In short order, William and his son Andrew returned with the supplies, and so we headed inside and into the kitchen. Team Placenta quickly split their organ-related duties—he dicing veggies near the stove, she disinfecting the sink-side counter before covering the surfaces and adjacent floor with the aforementioned diaper changing pads. Once the place had been sanitized and covered in absorbent blue, Claire carried over a medium-sized Tupperware container. Prying off the lid, she revealed a roughly Frisbee-shaped organ that was perhaps seven inches across and half an inch thick. (It was smaller than what I was expecting.)

“You won’t be eating this one,” Claire told me, since it belonged to a client. She gestured to a bed of ice in the sink that held up a small baggie containing what looked to be several small strips of calves’ liver. “That’s mine,” she said.

“And I’ll be cooking it up for you,” William chimed in happily. Now clad in an embroidered chef’s apron, he was chopping away at carrots and tomatoes. “All organic,” he assured me (and thank goodness for that).

Wearing disposable gloves, Claire placed her client’s placenta on a pad, unfolded it a bit, and allowed me to move in for a peek. The surface was irregularly shaped and reminded me more of scrambled eggs than an organ (albeit liver-colored scrambled eggs holding clots of bluish blood).

“This side faced the wall of the uterus,” Claire told me as she de-clotted the irregular surface. She spent several more minutes examining the placenta carefully (seemingly looking for defects) before gently flipping it over like a large bloody pancake. This side was smooth, dark blue, and glistening. A fan of large blood vessels ran from the periphery, converging on a 12-inch section of umbilical cord and winding around it like the stripes on a barber’s pole.

I turned my attention to William, who was sweating vegetables in a sauté pan. He added a little beef stock, allowing the flavors of the tomatoes, garlic, and onions to mingle as the veggies softened. A minute or two later he retrieved the baggie containing his wife’s placenta from its ice bath and emptied the bloody slivers onto a paper plate. As I watched (it still looked like liver), the chef scraped the meat into the pan. Within seconds the kitchen was filled with an aroma that reminded me of beef.

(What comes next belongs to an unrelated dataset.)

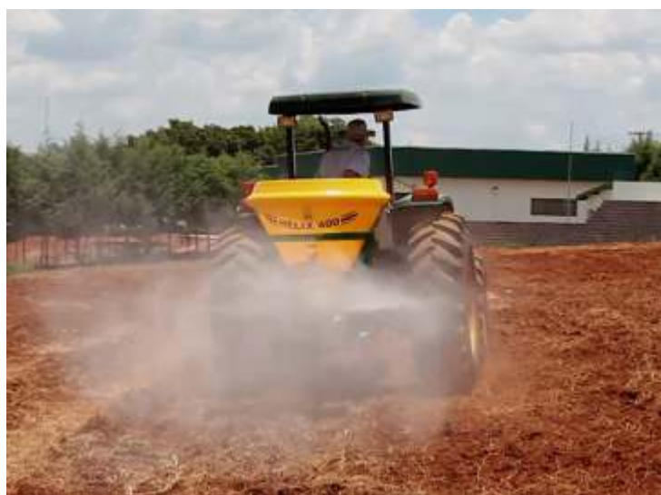
Spreader JF Helix 400

The thin strips coiled up during the cooking process, now looking a bit like larger versions of the bacon chunks in a can of pork and beans, but without the fat. William added about a quarter cup of the Amarone—the steam rising up as the placenta simmered.

It smelled delicious.

Two or three minutes later, William plated my placenta osso buco and passed me the dish. Without hesitation, I took a forkful—making sure to skewer two of the four bite-sized pieces. Placing Claire Rembis’s placenta into my mouth, I started chewing.

Before experiencing placentophagy firsthand, I had done some research into what human flesh might taste like. I was somewhat puzzled at the scarcity of credible reports, although a number of notable cannibal crazies had been perfectly happy to discuss the topic.

The term “long pig” has become the most popular reference point to describe the supposed porklike taste of human flesh. The oldest reference I could find comes from a letter written by Rev. John Watsford in 1847, describing the practice of ritual cannibalism practiced by the inhabitants of the Marquesas Islands, a group of approximately 15 Polynesian islands located around 850 miles northeast of Tahiti. But while the letter does represent the translation of a Polynesian term for the use of human flesh as food, there is no real mention of how it tasted.

The Somosomo people were fed with human flesh during their stay at Bau [a tiny Fijian islet], they being on a visit at that time; and some of the Chiefs of other towns, when bringing their food, carried a cooked human being on one shoulder, and a pig on the other; but they always preferred the “long pig,” as they call a man when baked.